A method and system are provided. The method includes determining from a data matrix having rows and columns, a clustering vector of the rows and a clustering vector of the columns. Each row in the clustering vector of the rows is a row instance and each row in the clustering vector of the columns is a column instance. The method further includes performing correlation of the row and column instances. The method also includes building a normalizing graph using a graph-based manifold regularization that enforces a smooth target function which, in turn, assigns a value on each node of the normalizing graph to obtain a Lapacian matrix. The method additionally includes performing Eigenvalue decomposition on the Lapacian matrix to obtain Eigenvectors. The method further includes providing a canonical co-clustering analysis function by maximizing a coupling between clustering vectors while concurrently enforcing regularization on each clustering vector using the Eigenvectors.

Description

    RELATED APPLICATION INFORMATION
  • This application claims priority to provisional application Ser. No. 62/007,091 filed on Jun. 3, 2014, incorporated herein by reference.
  • BACKGROUND
  • 1. Technical Field
  • The present invention relates to information analysis, and more particularly to canonical co-clustering analysis.
  • 2. Description of the Related Art
  • The co-clustering or bi-clustering problem refers to simultaneously clustering the rows and columns of a data matrix. However, prior art methods for solving the co-clustering problem suffer from a high cost of hyper-parameter tuning, a lack of fine-grained adjustability of the co-clustering result, an inability to handle negative data entries, as well as other deficiencies.
  • SUMMARY
  • These and other drawbacks and disadvantages of the prior art are addressed by the present principles, which are directed to canonical co-clustering analysis.

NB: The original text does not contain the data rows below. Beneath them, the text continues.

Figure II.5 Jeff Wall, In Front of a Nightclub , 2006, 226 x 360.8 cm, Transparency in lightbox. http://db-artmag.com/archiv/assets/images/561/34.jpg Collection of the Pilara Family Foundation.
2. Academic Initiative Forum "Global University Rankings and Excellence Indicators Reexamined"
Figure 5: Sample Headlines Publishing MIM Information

  • According to an aspect of the present principles, a method is provided. The method includes determining, by a clustering vector generator, from a data matrix having rows and columns, a clustering vector of the rows in the data matrix and a clustering vector of the columns in the data matrix. Each row in the clustering vector of the rows is a row instance and each row in the clustering vector of the columns is a column instance. The method further includes performing, by an instance correlator, correlation of the row and column instances. The method also includes building, by a normalizing graph builder, a normalizing graph using a graph-based manifold regularization that enforces a smooth target function which, in turn, assigns a value on each node of the normalizing graph to obtain a Lapacian matrix. The method additionally includes performing, by an Eigenvalue decomposer, Eigenvalue decomposition on the Lapacian matrix to obtain Eigenvectors therefrom. The method further includes providing, by a canonical co-clustering analysis function generator, a canonical co-clustering analysis function by maximizing a coupling between the clustering vectors while concurrently enforcing regularization on each of the clustering vectors using the Eigenvectors.

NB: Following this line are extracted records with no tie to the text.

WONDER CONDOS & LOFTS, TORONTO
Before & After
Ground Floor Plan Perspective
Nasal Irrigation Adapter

  • According to another aspect of the present principles, a system is provided. The system includes a clustering vector generator for determining, from a data matrix having rows and columns, a clustering vector of the rows in the data matrix and a clustering vector of the columns in the data matrix. Each row in the clustering vector of the rows is a row instance and each row in the clustering vector of the columns is a column instance. The system further includes an instance correlator for performing correlation of the row and column instances. The system also includes a normalizing graph builder for building a normalizing graph using a graph-based manifold regularization that enforces a smooth target function which, in turn, assigns a value on each node of the normalizing graph to obtain a Lapacian matrix. The system additionally includes an Eigenvalue decomposer for performing Eigenvalue decomposition on the Lapacian matrix to obtain Eigenvectors therefrom. The system further includes a canonical co-clustering analysis function generator for providing a canonical co-clustering analysis function by maximizing a coupling between the clustering vectors while concurrently enforcing regularization on each of the clustering vectors using the Eigenvectors.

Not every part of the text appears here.